Attorney, Agent or Firm: Breaux; Joseph N.
Claims
What is claimed is:
1. In a rotary valve system for an internal combustion engine having a
plurality of combustion cylinders, a plurality of fuel injectors and a
crankshaft, the improvement comprising:
a valve assembly rotatably mounted within said internal combustion engine
engine in communication between said plurality of cylinders and said
plurality of fuel injectors, said valve assembly being in operational
connection with said crankshaft in a manner such. that rotation of said
crankshaft causes said valve assembly to rotate; said valve assembly
including an elongated core formed of hardened steel and having a shaft
end and a blunt end, said shaft end having a key way formed therein for
connection with a belt pulleys, said blunt end being adapted for rotatable
connection with an engine head structure,
said valve assembly being divided into four cylinder sections, each said
cylinder section being mounted adjacent one of said plurality of cylinders
of said engine, each said cylinder section being bracketed by a pair of
sealed bearing assemblies to facilitate the rotation thereof,
each said cylinder section having a port including two open ends formed
transversely through said valve assembly so as to intersect the
longitudinal axis thereof, and
a pair of vane seals bracketing each said open end of each said port, each
said vane seal being disposed atop a steel wave spring that is positioned
within a slot formed longitudinally along an outer surface of said valve
assembly and having a stainless steel strip mounted atop a surface
thereof, each said vane seal and each said wave spring being secured
within its respective said slot by a said pair of sealed bearing
assemblies.
Description
TECHNICAL FIELD
The present invention relates to valve systems for internal combustion
engines and more particularly to valve systems for internal combustion
engines having an intake and exhaust rotary valve assembly.
BACKGROUND ART
Inherent to the operation of a reciprocating internal combustion engine is
the requirement that it have a valve or valves for reliably communicating
a mixture of fuel and air into the engine cylinders and for subsequently
exhausting the products of combustion. A concurrent requirement is that
such valves open and close during the appropriate periods in the operation
of the cycle. The valves must also provide for a tight seal when they are
in a closed position.
The common approach to the valve requirements of the reciprocating internal
combustion engine is the use of one or more spring-loaded, tulip-shaped
valve structures formed from metal. Each valve head seats tightly into a
tapered opening, or port, in the head wall of the engine cylinder to seal
the cylinder. This requires that the valve head have a very precise shape,
with low tolerance for deviation from the design specification.
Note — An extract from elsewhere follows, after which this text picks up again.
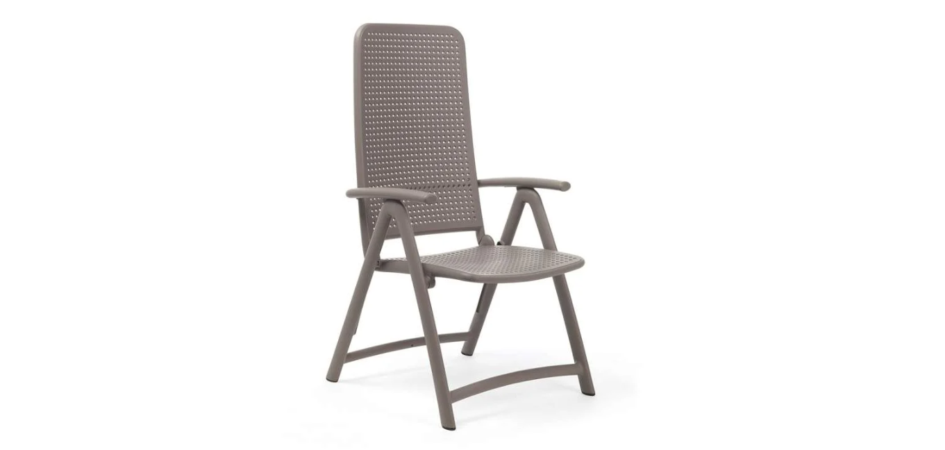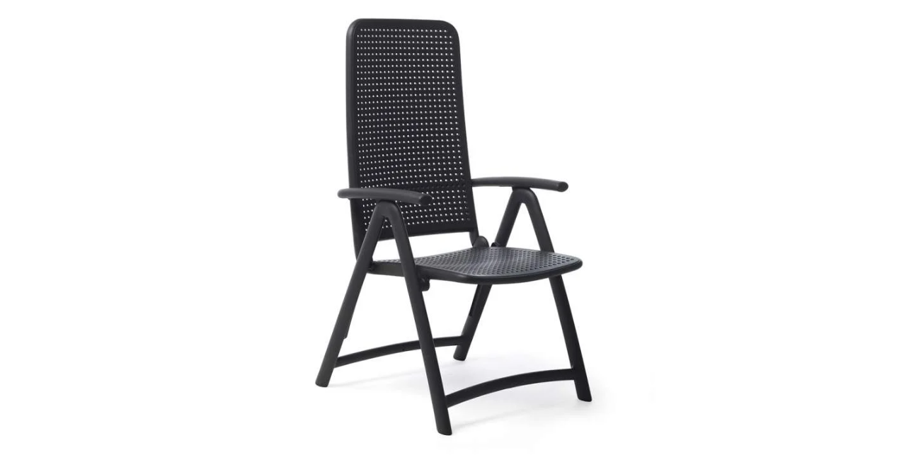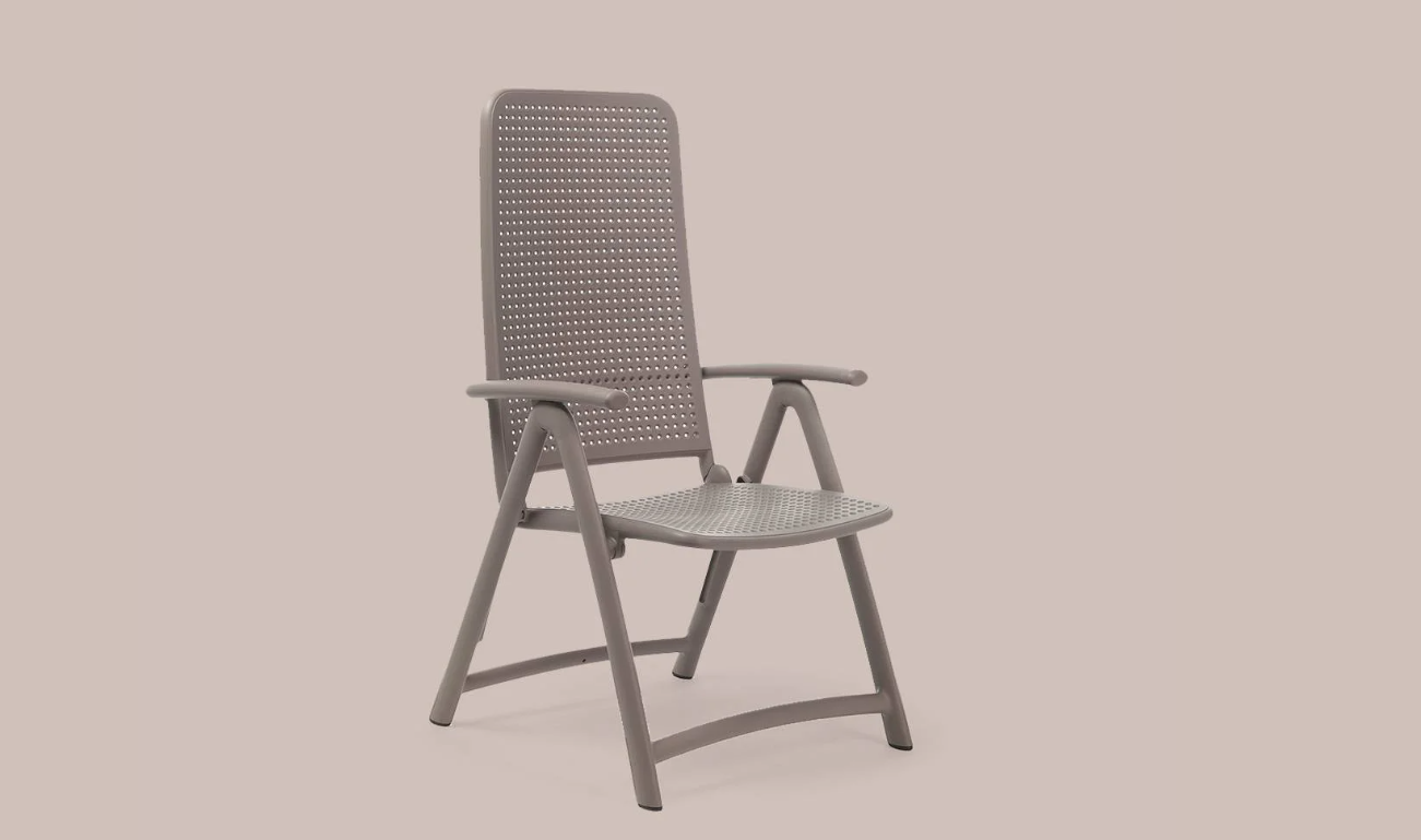 Darsena er en afslappende, foldbar udendørs lænestol, der er lavet af UV-behandlet, massefarvet glasfiberharpiks. Den har et højt ryglæn med fire justerbare positioner og har et perforeret polkaprikket mønster og en mat finish.
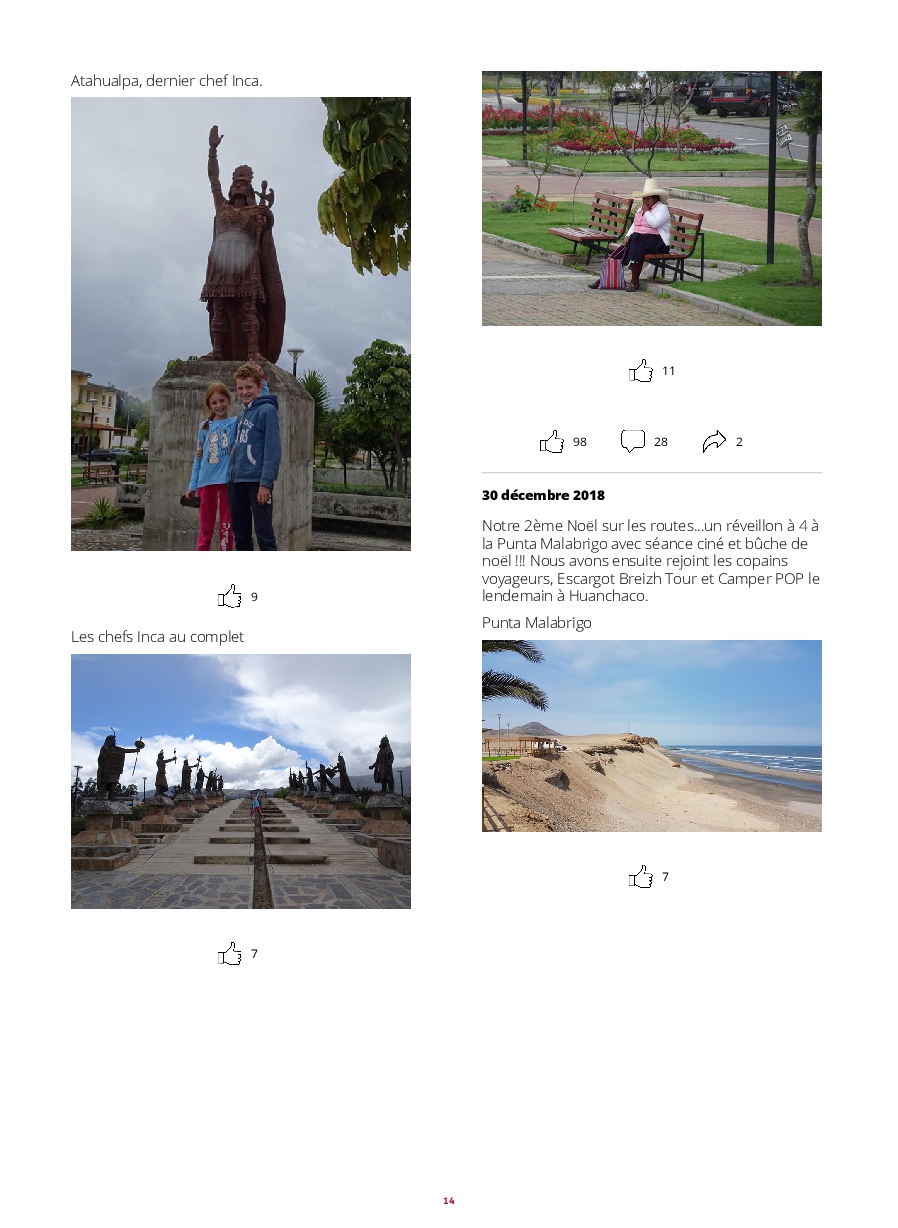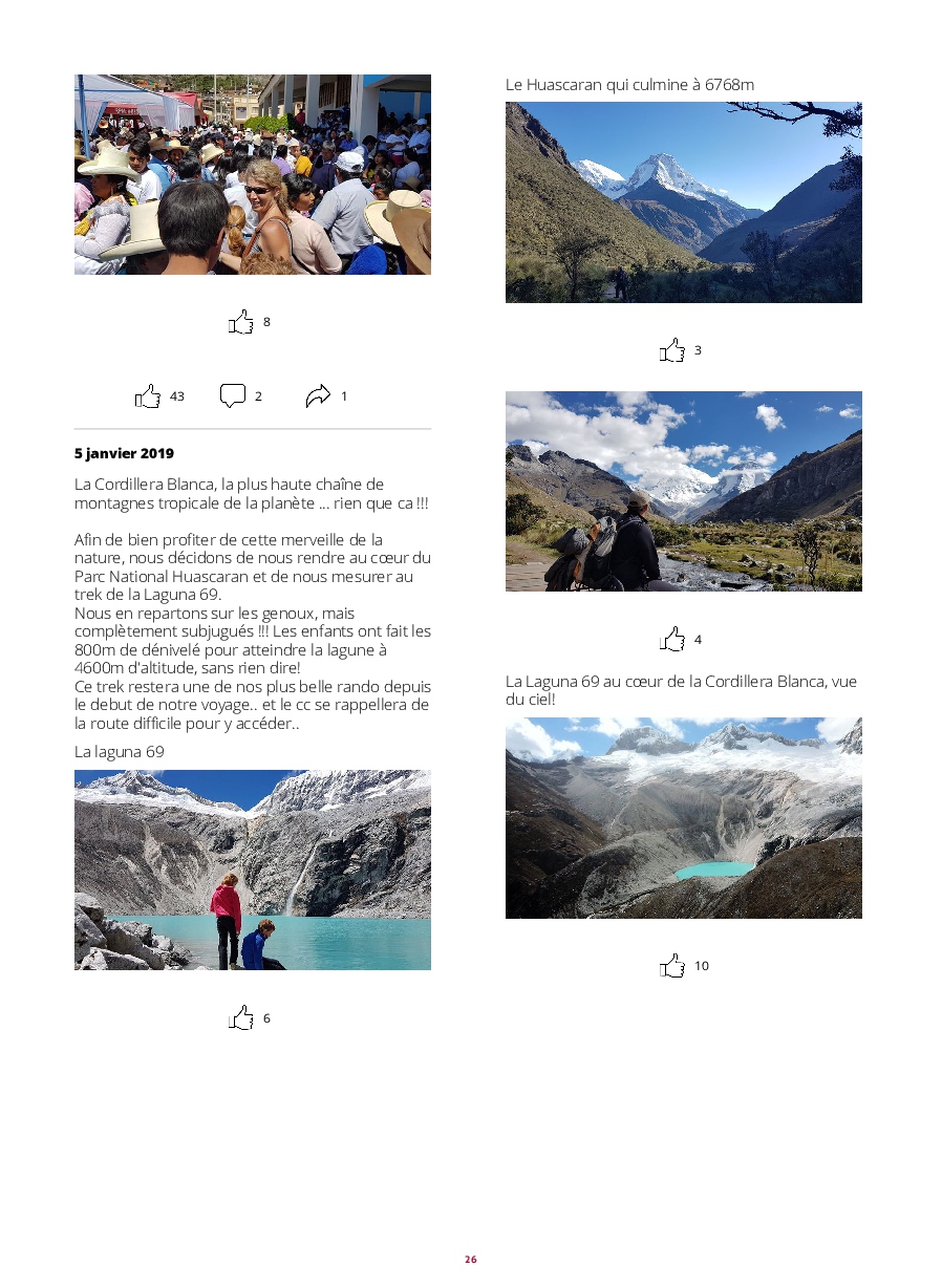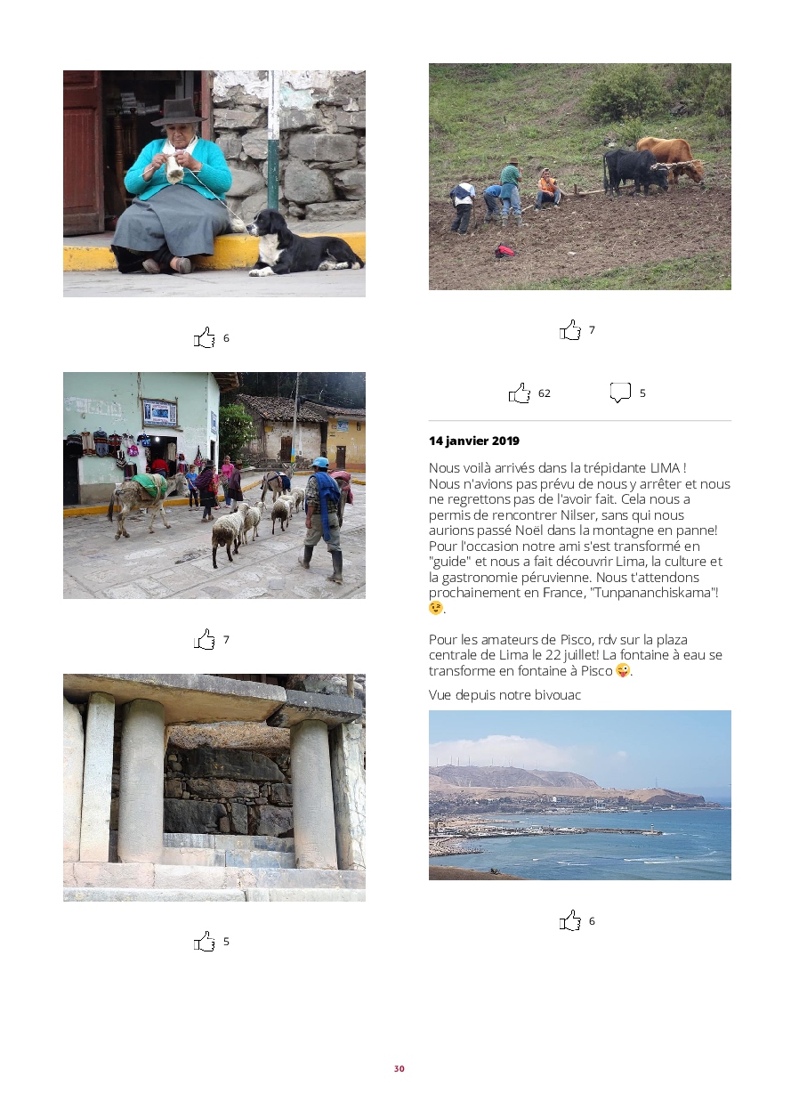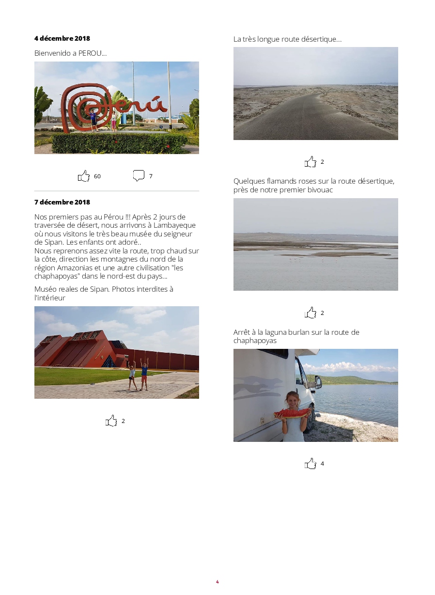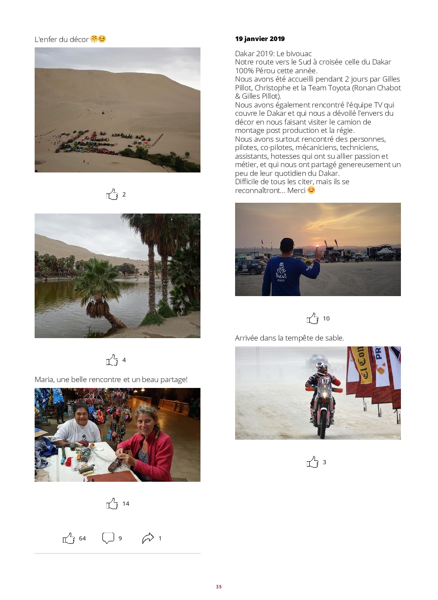 - PEROU : Lambayeque, Cataratas de Gocta, Chachapoyas, les ruines de Kuelap, Leymebamba, Cajamarca, Huanchaco, Trujillo, Chan-chan, Huacas de la Luna, Caraz, Laguna 69, Chavin de Huantar, Lima, Huacachina, Dakar 2019 à Pisco, PN de Paracas, Nazca, Arequipa

The valve includes an elongated stem which moves reciprocally in a guide,
which is comprised of a bore in the cylinder head. A spring fits around
the valve stem and is attached to the top of the stem. The spring is in
compression and exerts an axial force which, in the absence of an opposing
axial force on the end of the valve stem, is sufficient to keep the valve
seated.
The end of the valve stem abuts one end of a pivoting rocker arm. The other
end of the rocker arm abuts the end of a push rod. The push rod is
reciprocally moved axially by a solid lifter which rides on a cam lobe on
a camshaft. The camshaft is rotated by the engine crankshaft by means of a
reduction gear or a gear and chain arrangement. Rotation of the crankshaft
is thereby mechanically translated into an axial force on the valve stem
which opposes the spring force. The force translated through a push rod
when the lifter is riding on the high point of a lobe on the camshaft is
sufficient to overcome the spring force and unseat the valve by pushing it
into the cylinder.
This type of intake and exhaust valve has been widely adopted as the
solution for the valving requirements of the internal combustion engine
primarily because of the relative ease by which adjustments can be made
for wear, reasonable manufacturing costs, and the proven reliability of
the design. However, the intrinsic disadvantages of such valves and the
necessary compromises in engine performance occasioned by their use are
numerous.
It would be a benefit, therefore, to have a rotary valve assembly and
system which increases engine performance over those with the heretofore
mention valves. It would be a further benefit to have a rotary valve
system which would replace the cam, lifters or followers, pushrods, rocker
arms, tulip valves, valve springs, valve seats and keepers. It would be a
still further benefit to have a rotary valve system providing a single
intake port and a single exhaust port for each engine cylinder. It would
be a further benefit to have a valve assembly capable of withstanding the
harsh environment of an internal combustion engine.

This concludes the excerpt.